温良嗯了声,从大衣口袋里掏出两沓硬币,递给她两个,季奚错愕了下,“你什么时候换的?”
“车里备的。”
温良没多说,其实从上次在小区内遇见她要硬币后,温良就习惯备着硬币。
季奚眨了眨眼,哦了声。
她低眸,认真投币。
“温越年是我大哥的儿子。”
一旁温良倏地出声。
季奚稍愣,手上一顿,娃娃顿时从抓臂上重新掉进娃娃堆里。
温良沉默几秒,低笑了下,又递给她两枚硬币,没在意道:“我父亲年轻时身体不好,也不觉得自己需要婚姻,对亲情很淡薄。但他需要孩子,从家里长辈那里过继了我大哥,当做儿子养的。
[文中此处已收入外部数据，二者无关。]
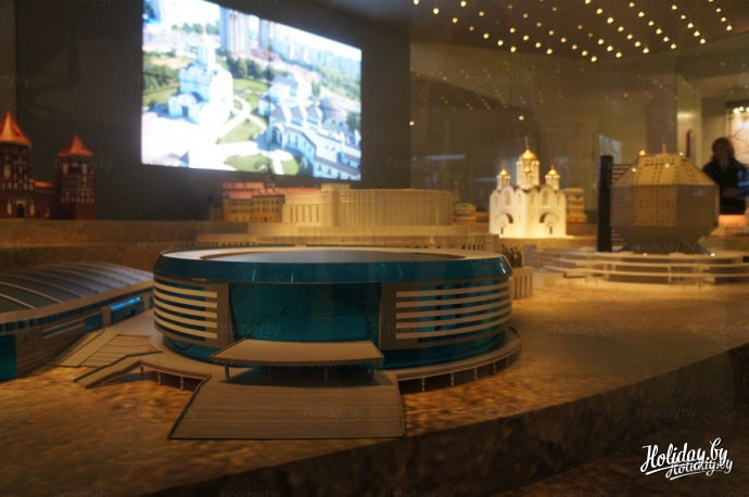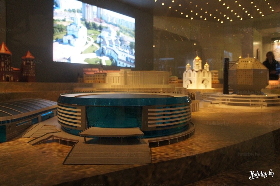 Встречает посетителей огромный макет белорусских достопримечательностей.

”
季奚继续投币,落空。
注意力却落在温良的话上,温良接着道:“直到后来,遇上我母亲。两个人结婚生子,我十二岁之前,一直住在温家。但母亲忙着科研,父亲忙着公司,几乎没有体验过亲情。直到我十二岁那年,父母离婚,父亲带着温温和她的母亲回去。他是过错方,所以离婚后很多自主权都在我母亲那里。譬如,监护权。”
季奚又落了空,抿了下唇角,没抬眸。
温良盯着她看了会儿,倏地抬手,摸了摸她发顶,“不用心疼我。我小时候缺失的所有亲情,外公都用一种方式给了我。我十二岁之后,一直跟着外公住在沈家主家。”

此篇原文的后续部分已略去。